Figure 3.2 Electrostatic stabilization of the nanoparticles by (a) Derjaguin–Landau–Verwey–Overbeek (DLVO) colloidal‐stability theory‐based interaction potential profiles of nanoparticles combining van der Waals and electrostatic forces as a function of separation distance. (b) Interaction potential profiles for sterically stabilized nanoparticles as a function of separation distance.
Source: Stolarczyk et al. (2016). Reproduced with permission from John Wiley & Sons.

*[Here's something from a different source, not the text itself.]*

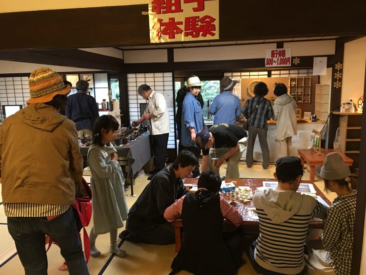6月10日、11日に開催された、手仕事アート展「こでんてんin黒石こみせ2017」は、町全体がイベント会場となり、全国各地から集まった手しご作品を一目見ようとたくさんの方々で賑わいました。松の湯交流館には、自然木作品や陶芸作品、組子細工、リメイク服など9つのお店が展示しました。また、十文字カフェもナシゴレンやビビンバ、ガバオライス、から揚げなど普段提供していないメニューで盛り上げました。

Therefore, the assembly of the nanoparticles is induced by the variation of the interaction force. When nanoparticles within a dispersion exhibit opposite sign charges, the assembly process begins with the alternating placement of the nanoparticles (Lalatonne et al. 2004) or the formation of core‐shell super‐structures (Sim et al. 2015). As previously reported, the surface charge determines aggregation or repulsion between the nanoparticles. Furthermore, the nanoparticles randomly and uncontrolled aggregate at the isoelectric point. Greater control of the assembling process is obtained for the pH‐sensitive ligands on the surface of the nanoparticles. The latter can be protonated or deprotonated, thus altering the surface charge density. In this case, the charge and the surface potential changes are observed during the interaction between nanoparticles (Butter et al.